More heritage stock moves to safety in the Ukraine
FOLLOWING urgent advice from the Ukraine government, which has moved its own railway rolling stock away from the border with Russia’s ally Belarus, fearing further invasions from the north, the volunteers of the Korostiv Railway Museum have had to do likewise.
They were storing three diesel locomotives, a trolley, and other artefacts at a narrow gauge site in Antonivka, all of which have been urgently loaded onto lorries and moved to their little base in the Carpathian mountains, which has now become grossly overcrowded.

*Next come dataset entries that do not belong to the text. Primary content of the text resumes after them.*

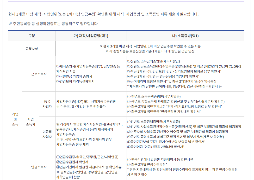 현재 3개월 이상 재직·사업영위(또는 1회 이상 연금수령) 확인을 위해 재직·사업증빙 및 소득증빙 서류 제출이 필요합니다.
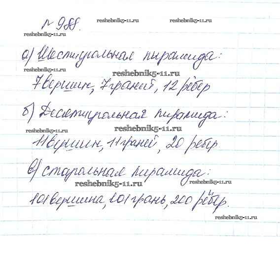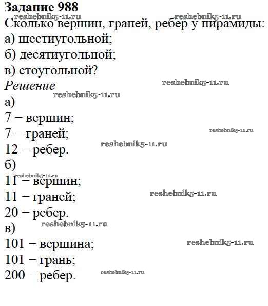 Готовая домашняя работа с ответами по Математике за 5 класс Дорофеев, Шарыгин, Суворова, Бунимович, Кузнецова, Минаева, Рослова Учебник Просвещение 2015 ФГОС - 10.4. Пирамида 988
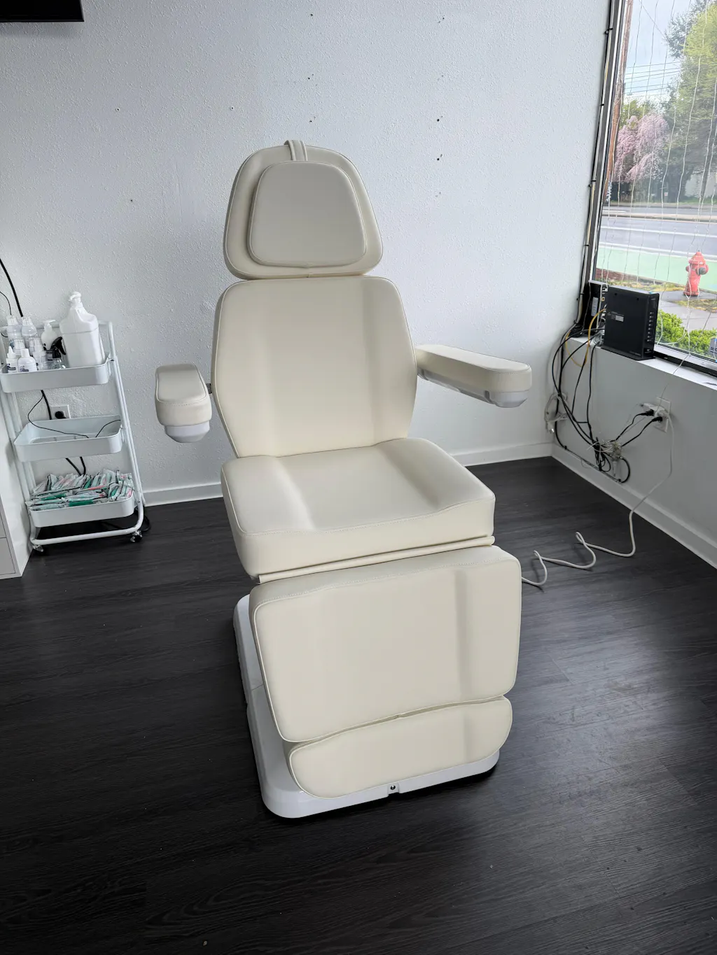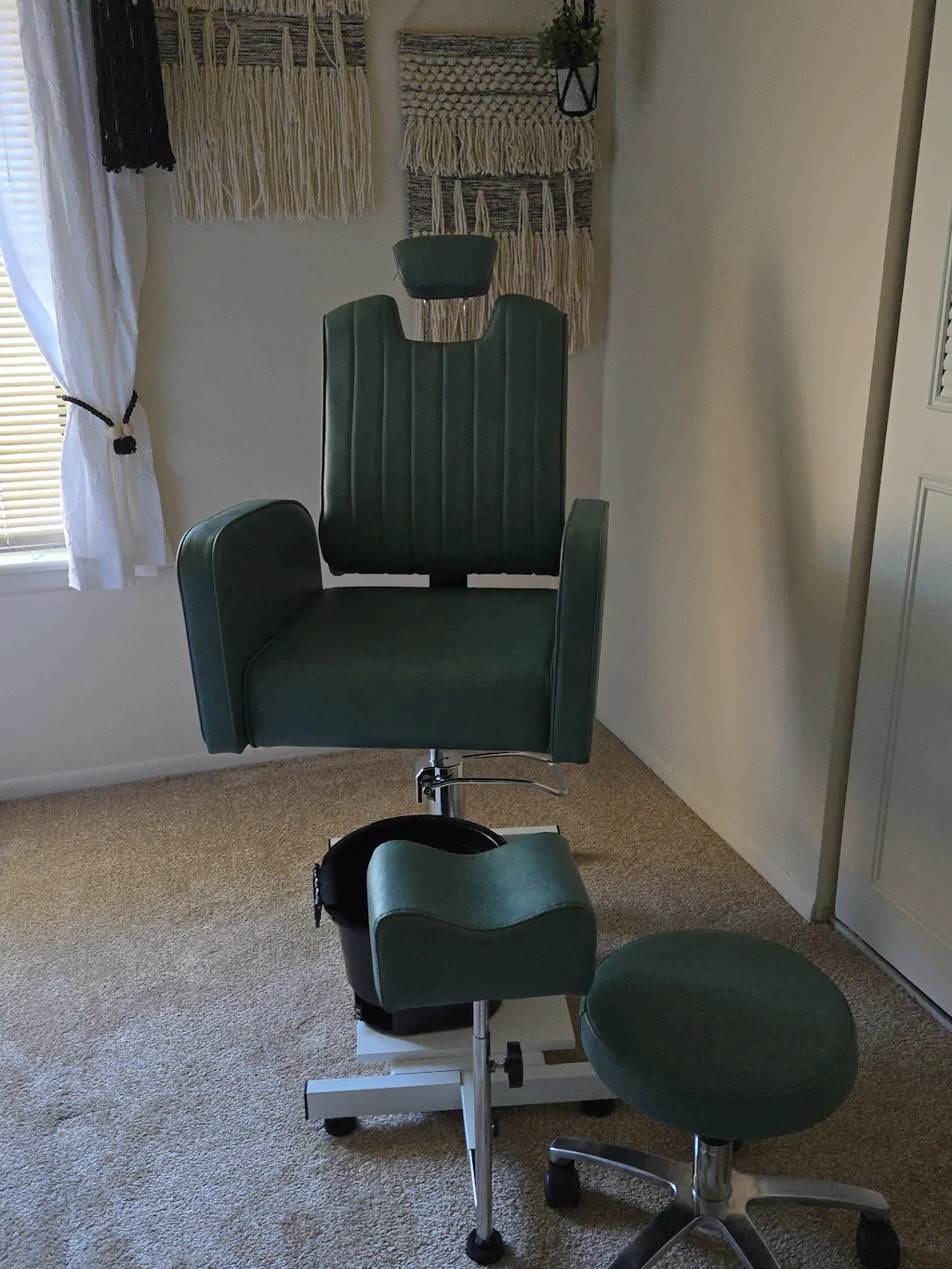 Such a comfortable chair for me and my client. I do dry pedicures and the chair goes pretty high up for me to sit on a stool confortable with no back pain.

I visited Korostiv in July, a beautiful site surrounded by wooded hills. Originally the location of a forestry railway, removed many years ago, it offers the potential for a lovely ride up into the hills.
However, the small reconstructed site, gradually being extended, is now packed with the rest of the collection – other than the little steam engine saved from the Russians (as described in issue 293) that is now being dismantled in Ternopil, 125 miles to the east. Ukraine, like many former Soviet republics, has no tradition of volunteering and the idea of preserving a narrow gauge railway is incomprehensible to many locals.
However, assisted by an Austrian, Wolfram Wendelin, over many years, a group of enthusiasts have started a tourist line from scratch.
Just like so many British lines, they started by trying to save whatever they could, long before they had a line to run stock on. Fortunately they had somewhere to take their collection to – even if it’s now somewhat overcrowded, and once they have paid for the transport they have to build new track and some kind of protective shelter.
The positive side is that Korostiv is in the countryside, a popular tourist area but with few problems of vandalism or theft, but winters are cold and harsh in the Carpathians.
These people are doing what it takes to save these objects, some of which have survived through at least one world war only, to find themselves in the middle of another major conflict.